» Work task
Find the line holding "EKO LUNCH BOX" in the entries below. Give it again exactly, along with every line after it up to and including the line holding "Belarus has a".

» Data supplied
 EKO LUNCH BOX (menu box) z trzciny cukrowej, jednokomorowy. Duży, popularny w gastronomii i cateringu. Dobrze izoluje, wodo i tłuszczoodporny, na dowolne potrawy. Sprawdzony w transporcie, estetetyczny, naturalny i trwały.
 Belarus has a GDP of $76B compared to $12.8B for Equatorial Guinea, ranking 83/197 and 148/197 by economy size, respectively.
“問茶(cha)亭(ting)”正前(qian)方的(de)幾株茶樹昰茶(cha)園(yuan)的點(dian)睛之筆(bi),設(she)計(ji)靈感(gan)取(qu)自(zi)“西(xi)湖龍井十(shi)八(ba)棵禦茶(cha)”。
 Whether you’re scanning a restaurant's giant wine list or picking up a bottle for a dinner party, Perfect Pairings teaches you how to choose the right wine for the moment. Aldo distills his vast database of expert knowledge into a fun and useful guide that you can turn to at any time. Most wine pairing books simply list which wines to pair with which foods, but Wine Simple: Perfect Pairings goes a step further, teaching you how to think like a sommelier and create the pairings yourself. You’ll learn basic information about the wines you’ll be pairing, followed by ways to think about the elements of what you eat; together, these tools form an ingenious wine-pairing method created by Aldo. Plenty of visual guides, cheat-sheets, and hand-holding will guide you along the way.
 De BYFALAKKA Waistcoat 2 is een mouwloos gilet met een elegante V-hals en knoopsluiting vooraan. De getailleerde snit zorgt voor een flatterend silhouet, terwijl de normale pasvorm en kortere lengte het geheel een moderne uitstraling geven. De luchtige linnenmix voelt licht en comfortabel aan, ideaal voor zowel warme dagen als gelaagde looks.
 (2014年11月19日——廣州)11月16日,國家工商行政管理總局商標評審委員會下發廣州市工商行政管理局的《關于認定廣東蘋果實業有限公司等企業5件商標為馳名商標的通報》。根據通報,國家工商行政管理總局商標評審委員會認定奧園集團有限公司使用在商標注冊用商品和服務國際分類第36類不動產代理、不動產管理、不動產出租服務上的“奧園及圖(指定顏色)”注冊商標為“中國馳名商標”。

---

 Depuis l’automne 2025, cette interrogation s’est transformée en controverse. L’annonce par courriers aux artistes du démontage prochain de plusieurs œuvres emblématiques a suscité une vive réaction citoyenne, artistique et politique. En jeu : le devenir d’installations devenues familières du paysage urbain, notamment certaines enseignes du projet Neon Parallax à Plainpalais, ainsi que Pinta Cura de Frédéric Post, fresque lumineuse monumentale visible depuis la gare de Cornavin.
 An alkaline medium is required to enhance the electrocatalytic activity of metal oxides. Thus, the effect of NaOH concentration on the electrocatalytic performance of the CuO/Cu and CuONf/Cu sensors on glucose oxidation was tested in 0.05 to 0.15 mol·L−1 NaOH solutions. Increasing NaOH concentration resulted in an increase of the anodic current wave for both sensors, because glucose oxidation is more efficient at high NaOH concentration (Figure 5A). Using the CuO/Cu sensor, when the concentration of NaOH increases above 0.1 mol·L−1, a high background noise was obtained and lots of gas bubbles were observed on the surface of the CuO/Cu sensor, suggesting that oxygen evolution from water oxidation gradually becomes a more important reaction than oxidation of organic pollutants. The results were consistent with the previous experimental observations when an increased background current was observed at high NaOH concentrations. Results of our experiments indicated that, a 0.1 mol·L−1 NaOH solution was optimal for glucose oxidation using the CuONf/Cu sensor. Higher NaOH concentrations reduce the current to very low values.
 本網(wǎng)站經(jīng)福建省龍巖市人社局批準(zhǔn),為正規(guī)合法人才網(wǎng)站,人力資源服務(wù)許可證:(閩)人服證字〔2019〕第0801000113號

» Your solution
 EKO LUNCH BOX (menu box) z trzciny cukrowej, jednokomorowy. Duży, popularny w gastronomii i cateringu. Dobrze izoluje, wodo i tłuszczoodporny, na dowolne potrawy. Sprawdzony w transporcie, estetetyczny, naturalny i trwały.
 Belarus has a GDP of $76B compared to $12.8B for Equatorial Guinea, ranking 83/197 and 148/197 by economy size, respectively.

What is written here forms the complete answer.